Introduction

Soybean is an important leguminous crop and a major source of vegetable oil and proteins worldwide. The crop is prone to many economically important fungal diseases of which charcoal rot caused by Macrophomina phaseolina is the major constraint causing significant losses every year (Marquez et al. 2021). This pathogen also causes diseases in other legumes such as chickpea, mungbean and mashbean (Banaras et al. 2021; Javed et al. 2021). Different management methods such as physical, chemical (fungicides), regulatory, cultural and biological have been used to control Macrophomina phaseolina (Khan and Javaid 2020a; Khan et al. 2021; Um-e-Aiman et al. 2021). However, these methods are helpful only when used well in advance as precautionary measures (Ganeshamoorthi et al. 2010; Marquez et al. 2021). In addition, conventional chemical fungicides for M. phaseolina infections may be less helpful due to soil-borne nature of the pathogen, and may interrupt the balance of beneficial microbes in the soils (Anis et al. 2010). Furthermore, the indiscriminate use of chemical pesticides and fungicides may develop resistance to pathogenic strains and can cause harmful environmental risks and health hazards (Afouda et al. 2012). Efforts to manage the disease in soybean through crop rotation has also been suggested (Mengistu et al. 2007), but it may be inadequate for control of soil-borne fungal diseases with long-surviving propagules such as charcoal rot. Therefore, alternative methods of disease control are need of the time.

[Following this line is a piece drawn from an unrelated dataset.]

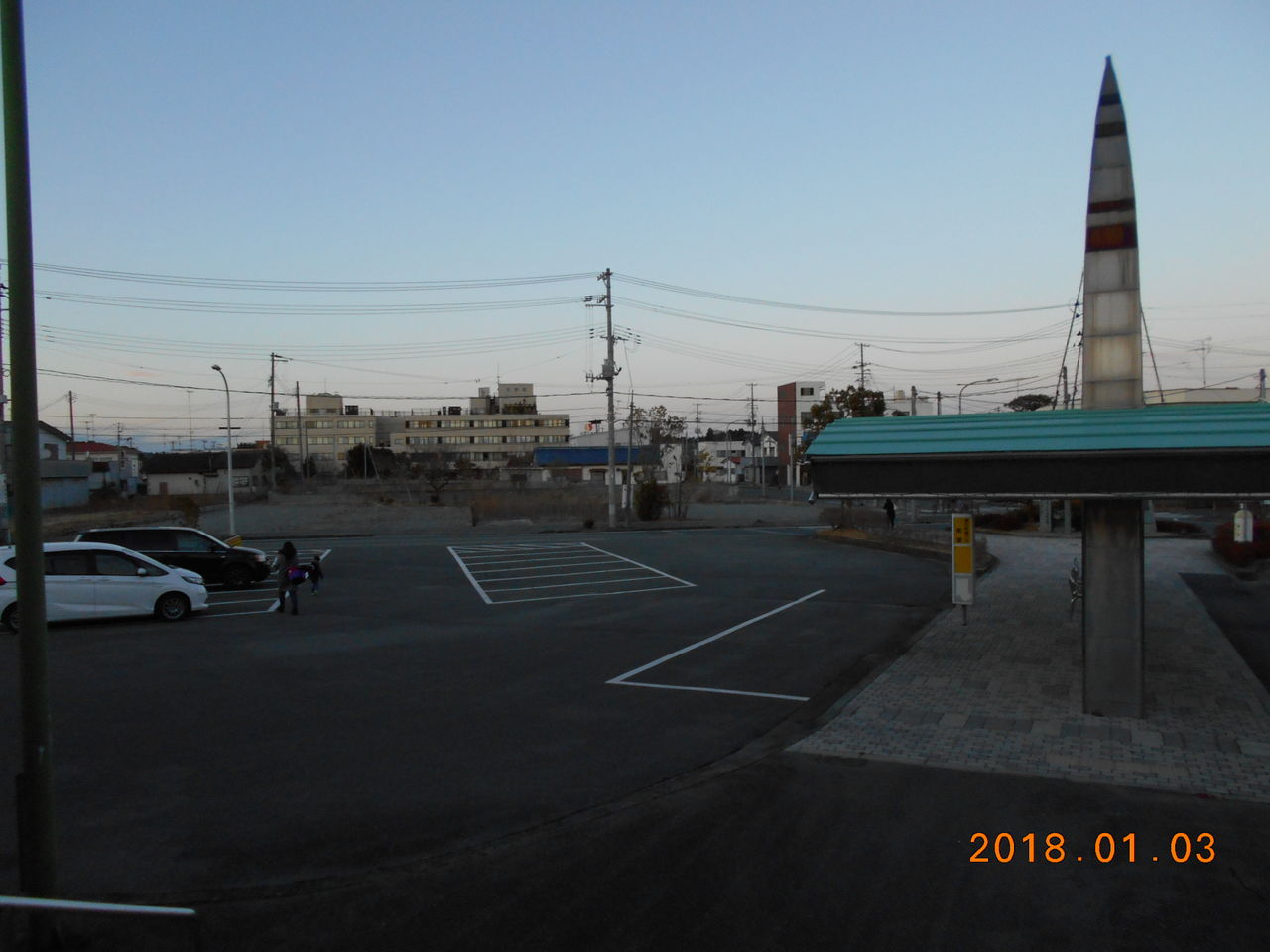 駅舎を背にして外を見た情景です。2017年3月末に避難指示が解除されているものの、訪問した2018年1月に代行バスの車窓から見た浪江の町並みは東日本大震災直後の避難指示が出たまんま。洗濯物が干しっぱなしの民家、2011年3月中旬にオープンする旨を掲示したままのパチンコ屋さんなど、時間があのときから止まったままだったのを思い出します。

During the past few decades, different biocontrol agents have been identified, characterized and commercialized (Javaid et al. 2021; Sharf et al. 2021). Biocontrol organisms have gained more attention as component of integrated disease management programs (Shahid and Khan 2019; Ali et al. 2020). Biological control is an effective way to enhance resistance in plants against pathogens, and this technique may play a significant role in sustainability of agricultural systems. Biocontrol organisms are helpful against seed- and soil-borne fungal diseases of several crops (Akhtar and Javaid 2018; Javaid et al. 2018; Yasmin et al. 2020). The fungus Trichoderma harzianum has been documented to suppress many soil-borne fungal pathogens including M. phaseolina (Mukhopadhyay and Kumar 2020; Khan and Javaid 2020b). Aly et al. (2007) enlisted different antagonists of Trichoderma spp. against M. phaseolina. Sreedevi et al. (2011) depicted that T. viride and T. harzianum isolates had antifungal activity against M. phaseolina. Trichoderma spp. act as biocontrol organisms and also stimulate the plant resistance and growth resulting in overall improvement in yield (Javaid et al. 2017; Shoaib et al. 2018). The biocontrol activity related to antibiotics and mycoparasitism also improves defense response or systemic resistance in plants (Naher et al. 2014). The germination percentage of melon was 96.7% when seeds were treated with commercial T. harzianum + M. phaseolina as compared to M. phaseolina alone (46.7%) and showed excellent results against charcoal stem rot of water melon (Etebarian 2006). The antagonistic characteristics of the biocontrol species depend on multiple mechanisms that are involved in activation of specific properties (Khan and Javaid 2020b).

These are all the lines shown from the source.